In July 2019, members of the workforce at Aveanna Healthcare were targeted with more than 600 phishing emails from an unknown source, attempting to trick the recipients into disclosing login credentials and other sensitive information. Many of the phishing emails were successful – enabling hackers to access the Protected Health Information (PHI) of 166,077 clients, including approximately 4,000 residents of Massachusetts.
The data breach was discovered by Aveanna Healthcare on August 24, 2019, but not notified to HHS’ Office for Civil Rights until February 2020. Despite the number of records involved and the delay in notification, OCR accepted the pediatric home care provider’s assurances that measures were being implemented to strengthen its technical safeguards and reduce its workforce’s susceptibility to phishing emails.
However, the Office of the Massachusetts Attorney General was not so accepting of the pediatric home care provider’s assurances, and – exercising its HITECH Act rights to investigate potential violations of HIPAA – determined that Aveanna Healthcare was aware that its security systems were inadequate prior to the phishing attacks, but failed to implement appropriate measures or train its workforce to resist the attacks.
Consent Judgement includes Phishing Training Conditions
Having found that Aveanna Healthcare’s security program did not meet the minimum HIPAA compliance requirements or the Standards for the Protection of Personal Information of Residents of the Commonwealth of Massachusetts (201 CMR 17.00), the Office of the Massachusetts Attorney General brough a civil action against Aveanna Healthcare which was settled for $425,000 without an admission of liability or culpability.
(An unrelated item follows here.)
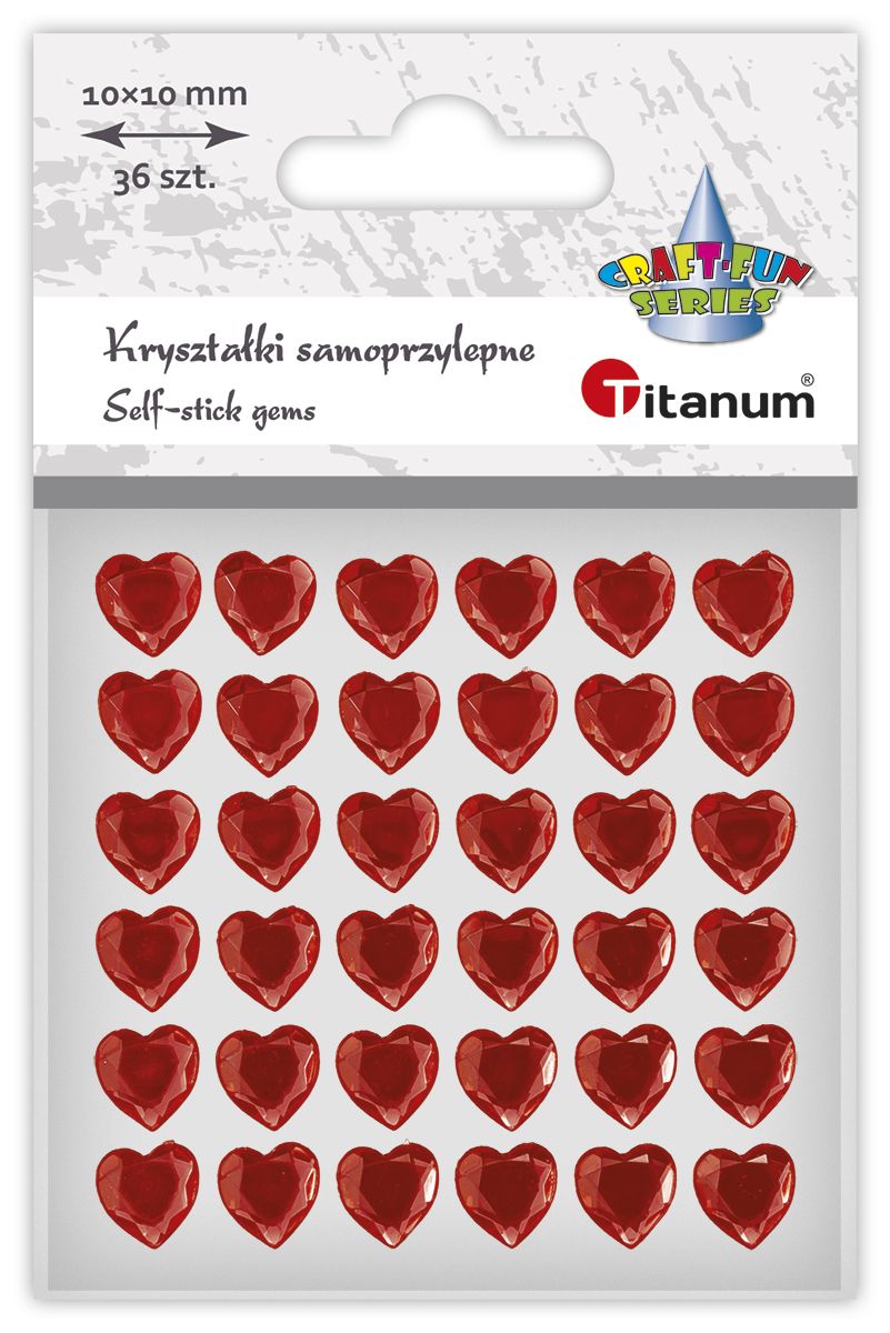 Dostępne: 2914 Sztuk Lub zamów telefoniczne: 690 216 578Kryształki samoprzylepne, wzór: serca, wymiary: 10 x 10 mm, kolor: czerwone. 36 sztuk.

As part of the consent judgement, Aveanna Healthcare must comply with a corrective action plan that requires the company to reduce workforce susceptibility to phishing via two-factor authentication and security awareness training. Training must be provided to all members of the workforce within sixty days and annually thereafter. Any workforce member that does not attest to having received phishing training is to have their access to PHI rescinded.
The corrective action plan will be in force for a minimum of four years, during which time Aveanna Healthcare will undergo annual assessments of its compliance with the consent judgement. If any violation of the consent agreement is not cured within 90 days of being provided notice of the violation, Aveanna Healthcare may face further civil monetary penalties or an extension of the corrective action plan.